> TASK TO COMPLETE: Each line of the records that follow must come back exactly, with pictures skipped.

Data records:
:::::

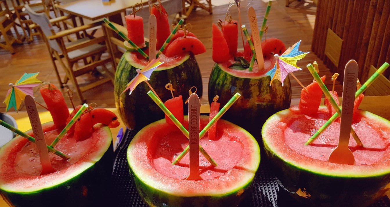 Στον κατάλογό του θα βρεις κοκτέιλ σε καρύδα, καρπούζι, πεπόνι, μάνγκο και άλλα πολλά, τα οποία μπορείς να συνδυάσεις με ένα από τα platters που περιλαμβάνουν φρέσκα φρούτα.
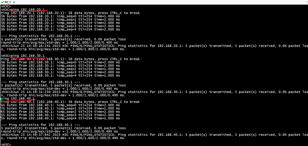 4、不同VLAN的PC进行PING测试(以PC_1 PING
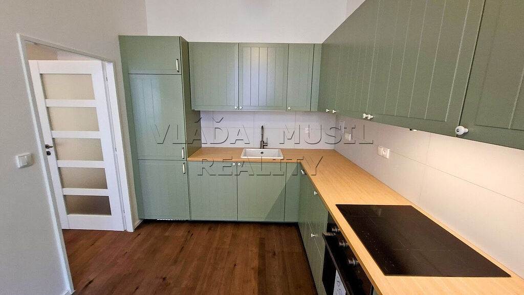 Nabízíme k pronájmu velmi pěkný nově kompletně zrekonstruovaný byt 1+1 v Praze 8 (Libeň), ulice Novákových - kousek od stanice metra "Palmovka". Byt o celkové rozloze 41 m² se nachází ve druhém patře cihlového domu. Tvoří ho vstupní předsíň, pokoj, kuchyň a koupelna s toaletou. V bytě byla právě dokončena nákladná kompletní rekonstrukce = vše je nové – rozvody, okna, plovoucí podlahy a dlažba, omítky, interiérové i vstupní dveře, koupelna se sprchovým koutem a toaletou a další. Nad koupelnou je velký úložný prostor. Teplou vodu zajišťuje bojler, vytápění přímotopy. Nové je také veškeré vybavení bytu. Nová kuchyňská linka je vybavena varnou deskou, el. multifunkční troubou, digestoří, vestavnou myčkou nádobí, velkou lednicí s mrazákem a pračkou. V koupelně je velké umyvadlo se skříňkou, zrcadlo s osvětlením, sprchový kout s posuvnými dveřmi a toaleta. V celém bytě je osvětlení.
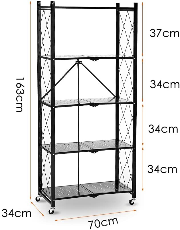 SPACE SAVING STORAGE RACK Foldable and 4 universal wheels Multipurpose Shelf Display Rack With size of 71cm L x 34cm W x 158cm H, and 4 Wheels Universal wheel would help you to make room to store large items. Bold and thick steel frame, 5-layer design, can place multiple equipment or goods. It can make the warehouse or room cleaner and more comfortable
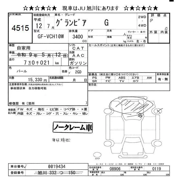 Toyota GRANVIA с аукциона Японии JU Hokkaido лот № 4515

:::::

> RESPONSE:
 Στον κατάλογό του θα βρεις κοκτέιλ σε καρύδα, καρπούζι, πεπόνι, μάνγκο και άλλα πολλά, τα οποία μπορείς να συνδυάσεις με ένα από τα platters που περιλαμβάνουν φρέσκα φρούτα.
 4、不同VLAN的PC进行PING测试(以PC_1 PING
 Nabízíme k pronájmu velmi pěkný nově kompletně zrekonstruovaný byt 1+1 v Praze 8 (Libeň), ulice Novákových - kousek od stanice metra "Palmovka". Byt o celkové rozloze 41 m² se nachází ve druhém patře cihlového domu. Tvoří ho vstupní předsíň, pokoj, kuchyň a koupelna s toaletou. V bytě byla právě dokončena nákladná kompletní rekonstrukce = vše je nové – rozvody, okna, plovoucí podlahy a dlažba, omítky, interiérové i vstupní dveře, koupelna se sprchovým koutem a toaletou a další. Nad koupelnou je velký úložný prostor. Teplou vodu zajišťuje bojler, vytápění přímotopy. Nové je také veškeré vybavení bytu. Nová kuchyňská linka je vybavena varnou deskou, el. multifunkční troubou, digestoří, vestavnou myčkou nádobí, velkou lednicí s mrazákem a pračkou. V koupelně je velké umyvadlo se skříňkou, zrcadlo s osvětlením, sprchový kout s posuvnými dveřmi a toaleta. V celém bytě je osvětlení.
 SPACE SAVING STORAGE RACK Foldable and 4 universal wheels Multipurpose Shelf Display Rack With size of 71cm L x 34cm W x 158cm H, and 4 Wheels Universal wheel would help you to make room to store large items. Bold and thick steel frame, 5-layer design, can place multiple equipment or goods. It can make the warehouse or room cleaner and more comfortable
 Toyota GRANVIA с аукциона Японии JU Hokkaido лот № 4515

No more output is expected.